(Task to carry out):
Every line from the first record below down to the line that includes "金玲飞副教授的报告题目为《Construction of optimal" must be reproduced exactly; the pictures are not.
┄┄┄┄┄┄┄┄┄┄
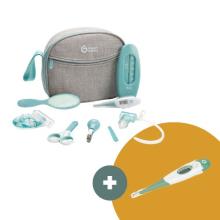 Une trousse de soin complète pour bébé avec 9 accessoires ! Facilement transportable grâce à sa hanse. Nombreuses poches et élastiques pour ranger les affaires de bébé. Acheté neuf.
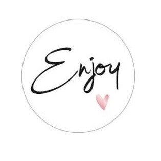 - Witte sticker met zwarte tekst 'Enjoy' met rosegold hartje
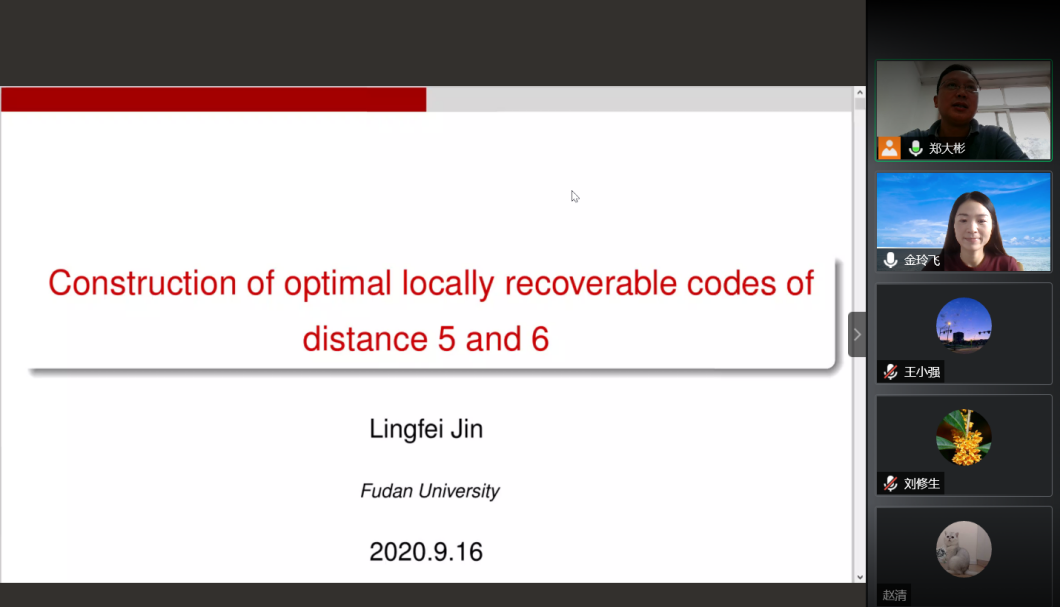 金玲飞副教授的报告题目为《Construction of optimal locally recoverable codes of distance 5 and 6》,本次报告介绍了分布式存储中再生码和局部修复码的研究背景及应用,比较了局部修复码中LRC码与再生码之间的差异性,总结了现有的距离小于5的最优LRC码的构造,给出了运用二元常重码去构造距离为5和6的最优LRC码的具体方法,分析了对于较大距离最优LRC码构造的难点问题。
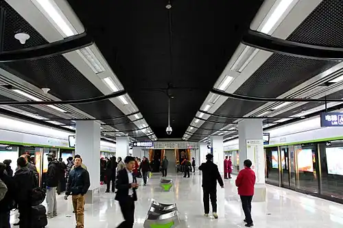 Wuhan Railway Station (Chinese: 武汉火车站) is a station of Line 4 of Wuhan Metro. It entered revenue service on December 28, 2013. It is located in Hongshan District and it serves Wuhan railway station.[4]
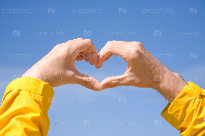 Четкие и простые любовь концепция на голубое небо (фокус на руках выборочный)
┄┄┄┄┄┄┄┄┄┄
(The answer):
 Une trousse de soin complète pour bébé avec 9 accessoires ! Facilement transportable grâce à sa hanse. Nombreuses poches et élastiques pour ranger les affaires de bébé. Acheté neuf.
 - Witte sticker met zwarte tekst 'Enjoy' met rosegold hartje
 金玲飞副教授的报告题目为《Construction of optimal locally recoverable codes of distance 5 and 6》,本次报告介绍了分布式存储中再生码和局部修复码的研究背景及应用,比较了局部修复码中LRC码与再生码之间的差异性,总结了现有的距离小于5的最优LRC码的构造,给出了运用二元常重码去构造距离为5和6的最优LRC码的具体方法,分析了对于较大距离最优LRC码构造的难点问题。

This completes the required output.